第129話 教会の方から来ました

「というわけで、今すぐにスライムを殲滅すべきだ」


「……」


 デュトワさんの報告を受けて、一条さんは理解が追い付かないといったように止まってしまった。

 スライムをなんとかする目途が立ったのと同時に、スライムたちもまたダンジョンの魔獣と戦うことができる力を得てしまった。
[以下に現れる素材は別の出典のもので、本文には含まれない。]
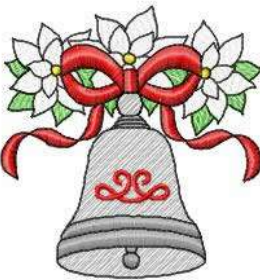
File: MylarChristmasBells07.pes Stitches: 8524 Size: 3.76x3.90 " Size: 95.5x99.1 mm Colors: 7/8 Stops: 7 Stops: 7
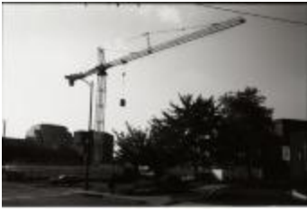
George Mason University (250-02-01-1326)
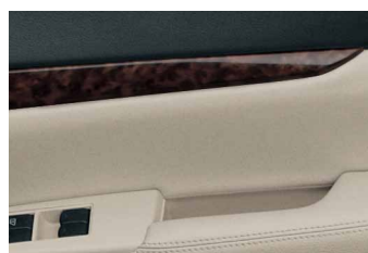
WOODGRAIN: Liberty 3.6R Premium
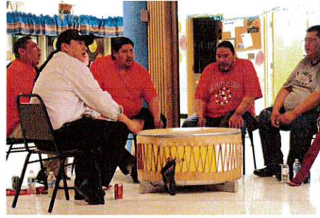
Singers at an April 2, 2011 event
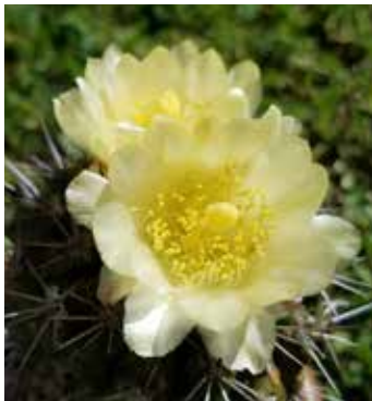
Copiapoa esmeraldana by Laurel Woodley

 良いニュースと悪いニュースが同時に押し寄せ、さすがの一条さんも困ってしまったのだろう。


「各地のスライムを叩いておけば、ひとまずは弱体化することも確認できた。どうやら追い詰めすぎたせいで、ダンジョン内の魔獣を模倣するようになったが、そいつを潰してしまえば、しばらくは元の矮小なスライムになるようだからな」


 不幸中の幸いは、今デュトワさんが言ったように、スライムたちすべてがワームのような姿になれるわけではないことだ。

 かなり無理してあの姿になり戦う力を得ているらしく、あのワームの姿のスライムを倒した後は、ワームダンジョンにはもはやほとんどスライムは残っていなかった。

 その残ったスライムも、相変わらずワームたちに襲われるがままで、数少ない同胞たちを食い合いながらなんとか生き延びている状況だ。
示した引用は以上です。